• [WORK INSTRUCTIONS]: Take the material below and reproduce, word for word, only the lines from the line with "Este diseño presenta" through the line with "Usa centro de".

• [RECORDS SUPPLIED]:
━━━━━━━━━━━━━━━━━━━━
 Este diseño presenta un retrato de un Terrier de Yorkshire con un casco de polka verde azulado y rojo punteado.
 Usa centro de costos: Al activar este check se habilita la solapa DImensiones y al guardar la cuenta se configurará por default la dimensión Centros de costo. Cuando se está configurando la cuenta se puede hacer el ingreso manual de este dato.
━━━━━━━━━━━━━━━━━━━━
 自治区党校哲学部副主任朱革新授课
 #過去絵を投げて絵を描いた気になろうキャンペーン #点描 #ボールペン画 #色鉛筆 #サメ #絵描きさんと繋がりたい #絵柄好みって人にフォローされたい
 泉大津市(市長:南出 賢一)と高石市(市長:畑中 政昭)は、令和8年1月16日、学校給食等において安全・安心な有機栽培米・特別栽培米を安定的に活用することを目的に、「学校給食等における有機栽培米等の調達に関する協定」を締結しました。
━━━━━━━━━━━━━━━━━━━━
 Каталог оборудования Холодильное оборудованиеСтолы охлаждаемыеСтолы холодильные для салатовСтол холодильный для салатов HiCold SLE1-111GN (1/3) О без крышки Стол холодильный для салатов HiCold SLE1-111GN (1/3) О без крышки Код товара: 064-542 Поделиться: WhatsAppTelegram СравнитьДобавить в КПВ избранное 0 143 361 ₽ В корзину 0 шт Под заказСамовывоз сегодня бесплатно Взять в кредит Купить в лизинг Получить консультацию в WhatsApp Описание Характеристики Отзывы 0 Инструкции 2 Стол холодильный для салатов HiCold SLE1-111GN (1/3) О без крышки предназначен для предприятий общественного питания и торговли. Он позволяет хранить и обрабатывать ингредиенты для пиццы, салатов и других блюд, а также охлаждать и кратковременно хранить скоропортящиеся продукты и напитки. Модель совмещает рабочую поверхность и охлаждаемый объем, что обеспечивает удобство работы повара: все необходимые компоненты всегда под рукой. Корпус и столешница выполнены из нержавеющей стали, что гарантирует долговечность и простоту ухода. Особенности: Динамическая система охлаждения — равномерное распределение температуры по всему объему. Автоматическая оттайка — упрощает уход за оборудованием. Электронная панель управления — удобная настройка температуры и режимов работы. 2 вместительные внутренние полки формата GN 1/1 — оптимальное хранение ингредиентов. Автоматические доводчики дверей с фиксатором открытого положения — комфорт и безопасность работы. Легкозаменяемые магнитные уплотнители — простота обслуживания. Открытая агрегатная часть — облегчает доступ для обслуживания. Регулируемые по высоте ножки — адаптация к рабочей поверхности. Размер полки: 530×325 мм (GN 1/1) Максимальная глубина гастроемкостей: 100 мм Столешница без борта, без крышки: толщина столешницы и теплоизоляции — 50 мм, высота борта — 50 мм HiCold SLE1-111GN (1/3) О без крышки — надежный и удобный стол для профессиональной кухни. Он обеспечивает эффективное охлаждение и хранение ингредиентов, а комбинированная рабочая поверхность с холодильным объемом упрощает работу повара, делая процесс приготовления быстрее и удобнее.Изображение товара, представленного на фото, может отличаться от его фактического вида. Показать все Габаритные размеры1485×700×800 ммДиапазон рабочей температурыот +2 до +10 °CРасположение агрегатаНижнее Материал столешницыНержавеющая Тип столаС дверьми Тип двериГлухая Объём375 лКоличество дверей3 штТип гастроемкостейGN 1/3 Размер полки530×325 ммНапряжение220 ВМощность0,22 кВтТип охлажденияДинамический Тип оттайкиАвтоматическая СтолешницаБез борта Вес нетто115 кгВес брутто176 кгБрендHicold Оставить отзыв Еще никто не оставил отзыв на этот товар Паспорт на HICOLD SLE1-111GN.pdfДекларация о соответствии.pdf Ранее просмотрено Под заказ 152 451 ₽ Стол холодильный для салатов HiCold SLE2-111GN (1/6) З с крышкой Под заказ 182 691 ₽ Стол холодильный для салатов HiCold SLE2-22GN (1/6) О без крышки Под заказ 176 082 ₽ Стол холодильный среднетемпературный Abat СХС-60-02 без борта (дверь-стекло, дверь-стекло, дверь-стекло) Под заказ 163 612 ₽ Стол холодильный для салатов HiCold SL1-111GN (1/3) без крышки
━━━━━━━━━━━━━━━━━━━━
• [SOLUTION BELOW]:
 Este diseño presenta un retrato de un Terrier de Yorkshire con un casco de polka verde azulado y rojo punteado.
 Usa centro de costos: Al activar este check se habilita la solapa DImensiones y al guardar la cuenta se configurará por default la dimensión Centros de costo. Cuando se está configurando la cuenta se puede hacer el ingreso manual de este dato.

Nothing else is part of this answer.